Of a very different stamp was his companion. He was a young gentleman whom we cannot more easily characterise than by calling him, in the cant of the day, 'of the period.' He was essentially the most recent product of the age we live in. Manly enough in some things, he was fastidious in others to the very verge of effeminacy; an aristocrat by birth and by predilection, he made a parade of democratic opinions. He affected a sort of Crichtonism in the variety of his gifts, and as linguist, musician, artist, poet, and philosopher, loved to display the scores of things he might be, instead of that mild, very ordinary young gentleman that he was. He had done a little of almost everything: he had been in the Guards, in diplomacy, in the House for a brief session, had made an African tour, written a pleasant little book about the Nile, with the illustrations by his own hand. Still he was greater in promise than performance. There was an opera of his partly finished; a five-act comedy almost ready for the stage; a half-executed group he had left in some studio in Rome, showed what he might have done in sculpture. When his distinguished relative the Marquis of Danesbury recalled him from his post as secretary of legation in Italy, to join him at his Irish seat of government, the phrase in which he invited him to return is not without its significance, and we give it as it occurred in the context: 'I have no fancy for the post they have assigned me, nor is it what I had hoped for. They say, however, I shall succeed here. Nous verrons. Meanwhile, I remember your often remarking, "There is a great game to be played in Ireland." Come over at once, then, and let me have a talk with you over it. I shall manage the question of your leave by making you private secretary for the moment. We shall have many difficulties, but Ireland will be the worst of them. Do not delay, therefore, for I shall only go over to be sworn in, etc., and return for the third reading of the Church Bill, and I should like to see you in Dublin (and leave you there) when I go.'

Except that they were both members of the viceregal household, and English by birth, there was scarcely a tie between these very dissimilar natures; but somehow the accidents of daily life, stronger than the traits of disposition, threw them into intimacy, and they agreed it would be a good thing 'to see something of Ireland'; and with this wise resolve they had set out on that half-fishing excursion, which, having taken them over the Westmeath lakes, now was directing them to the Shannon, but with an infirmity of purpose to which lack of sport and disastrous weather were contributing powerfully at the moment we have presented them to our reader.

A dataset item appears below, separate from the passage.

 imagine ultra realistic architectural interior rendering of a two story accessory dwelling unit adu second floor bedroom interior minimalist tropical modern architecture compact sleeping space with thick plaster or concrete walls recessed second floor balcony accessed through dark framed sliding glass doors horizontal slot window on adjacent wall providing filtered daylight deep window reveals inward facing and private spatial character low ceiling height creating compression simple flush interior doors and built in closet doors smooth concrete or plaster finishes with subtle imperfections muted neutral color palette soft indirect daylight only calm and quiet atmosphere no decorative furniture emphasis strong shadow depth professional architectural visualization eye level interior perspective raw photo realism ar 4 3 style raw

To employ the phrase which it is possible each might have used, they 'liked each other well enough'—that is, each found something in the other he 'could get on with'; but there was no stronger tie of regard or friendship between them, and each thought he perceived some flaw of pretension, or affected wisdom, or selfishness, or vanity, in the other, and actually believed he amused himself by its display. In natures, tastes, and dispositions, they were miles asunder, and disagreement between them would have been unceasing on every subject, had they not been gentlemen. It was this alone—this gentleman element—made their companionship possible, and, in the long run, not unpleasant. So much more has good-breeding to do in the common working of daily life than the more valuable qualities of mind and temperament.

Though much younger than his companion, Walpole took the lead in all the arrangements of the journey, determined where and how long they should halt, and decided on the route next to be taken; the other showing a real or affected indifference on all these matters, and making of his town-bred apathy a very serviceable quality in the midst of Irish barbarism and desolation. On politics, too—if that be the name for such light convictions as they entertained—they differed: the soldier's ideas being formed on what he fancied would be the late Duke of Wellington's opinion, and consisted in what he called 'putting down.' Walpole was a promising Whig; that is, one who coquets with Radical notions, but fastidiously avoids contact with the mob; and who, fervently believing that all popular concessions are spurious if not stamped with Whig approval, would like to treat the democratic leaders as forgers and knaves.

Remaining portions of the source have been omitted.